National and international interest has increased as the monument finally starts to take recognizable shape. It has recieved no federal or state funds because Ziolkowski claimed the government had no right to be involved after all the treaties it had broken with the Souix. Instead, the monument relies entirely on admissions and contributions.
To give some idea of its size, all four Rushmore heads could fit inside Crazy Horse’s head, from which will jut a 13 metre stone feather, while the visitor centre is a full mile from the carving itself. The beautiful 6 metre scale model at the visitor centre is 34 times smaller than the monument. It could well be another 50 years before it is finished.
But the plans don’t stop with the sculpture. Ziolkowski’s descendants hope to build a North American Indian Museum, a university, and a medical training centre on the land between the visitor centre and the monument. Construction is underway.
Back in the Lawnmower, driving south for Nebraska, I’m speechless, completely blown away. Ziolkowski had devoted his life to this project and died when it was still an undefined mess of rock. Now that’s dying for art.
Buffalo graze in paddocks along the highway until I enter Nebraska, a state home to a lot of flat land, a few thousand telephone poles, a couple of Springsteen and Dylan albums, an ironic state slogan (Nebraska: The Good Life), and one iconoclastic tourist drawcard: Carhenge.
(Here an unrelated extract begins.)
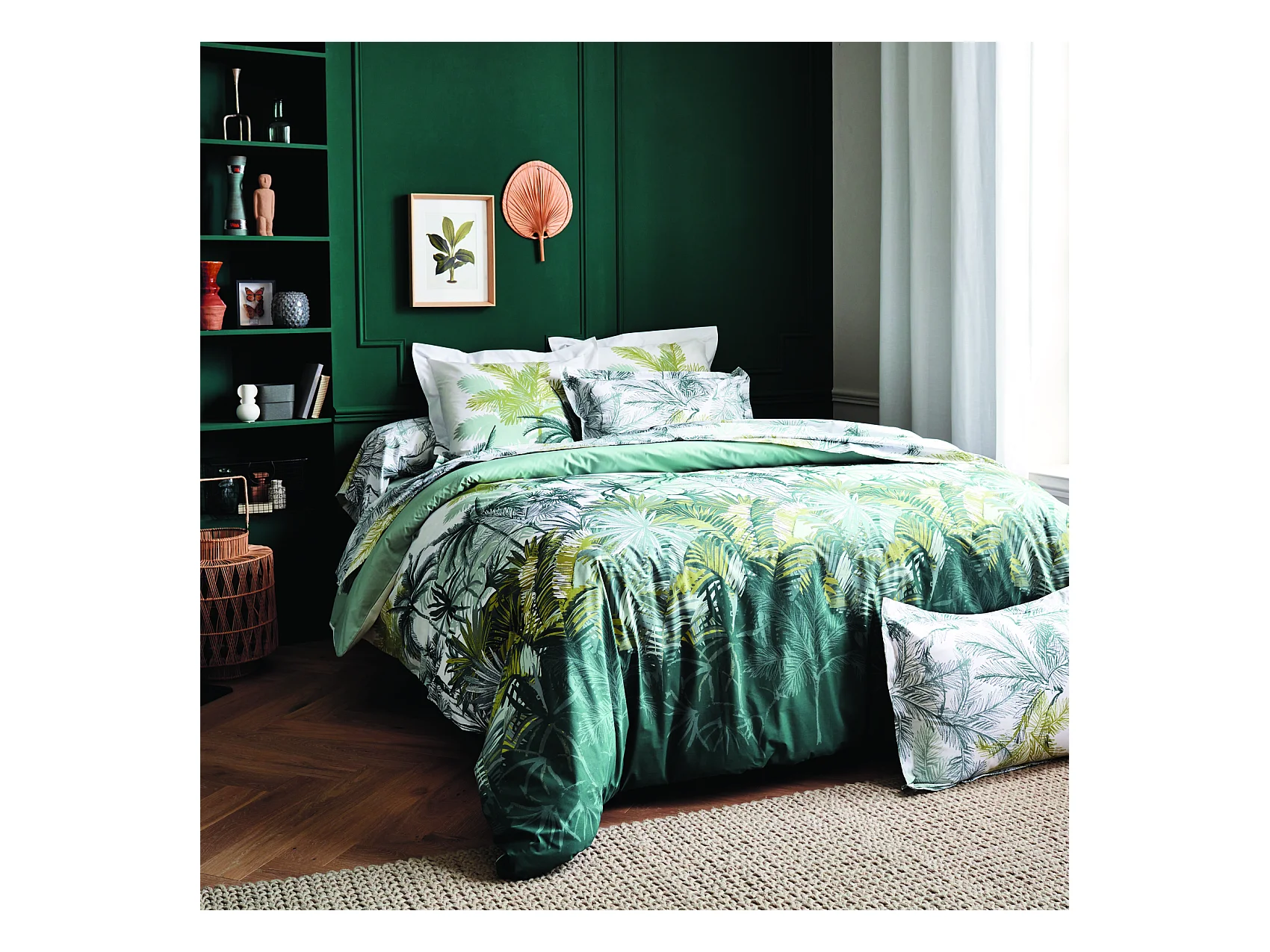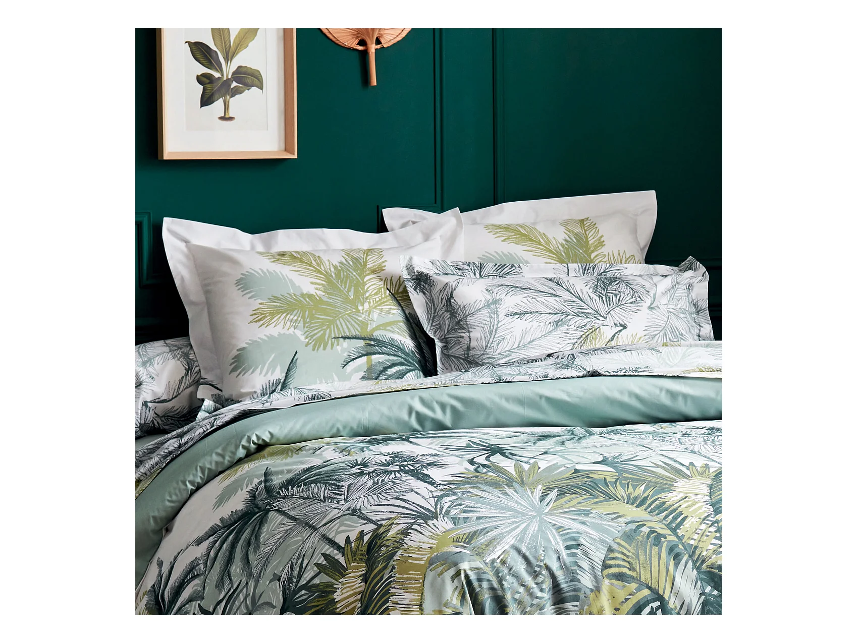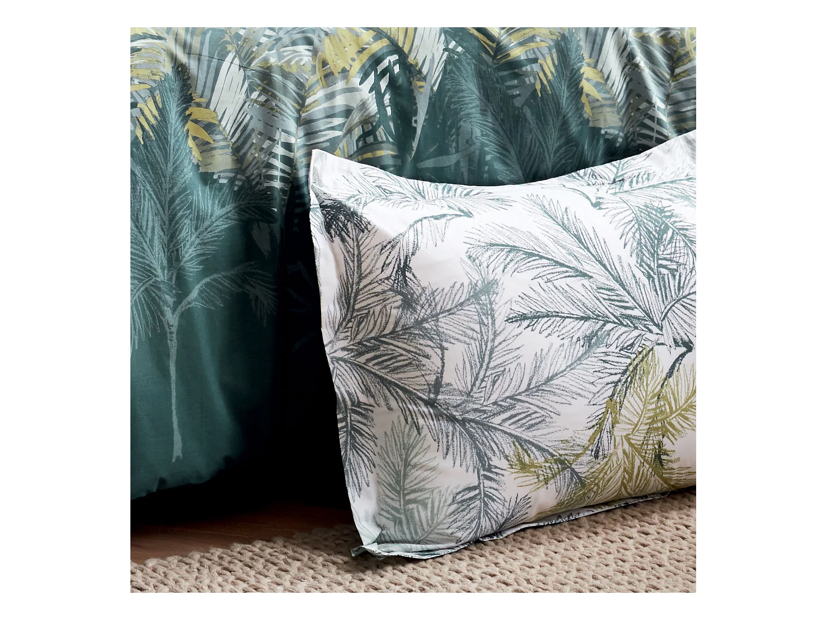 Parure de lit 2 personnes imprimé feuillage réversible 240x220cm

It is exactly as it sounds; old, wrecked cars painted grey and buried upright in a replica of Stonehenge. High art, or satanic shrine. It’s open to interpretation.
After its completion, the Nebraska Roads Department declared Carhenge a junkyard and ordered its removal. But the citizens of the nearby town of Alliance (population: 2 McDonalds, 1 Burger King, 9 petrol stations, and a dozen churches), realising they had the only tourist drawcard for miles, rallied around Carhenge and preserved its existence. No druids are going to descend on this momument, but it remains the best picnic spot in America’s heartland. And best of all, it’s free. No wannabe PT Barnum is charging two bits a gander or selling brain and nerve tonic from the back of a flat bed truck. For this reason, it stands alone as a roadside attraction.
The prairies have an identity all their own. It’s a very different America out here, as if nothing is known of the liberal west coast, or the uptight all business east coast, or the iced tea drinking southerners. But now I’ve seen the Crazy Horse Monument and Carhenge, I’m ready to go to the big Corn Palace in the sky.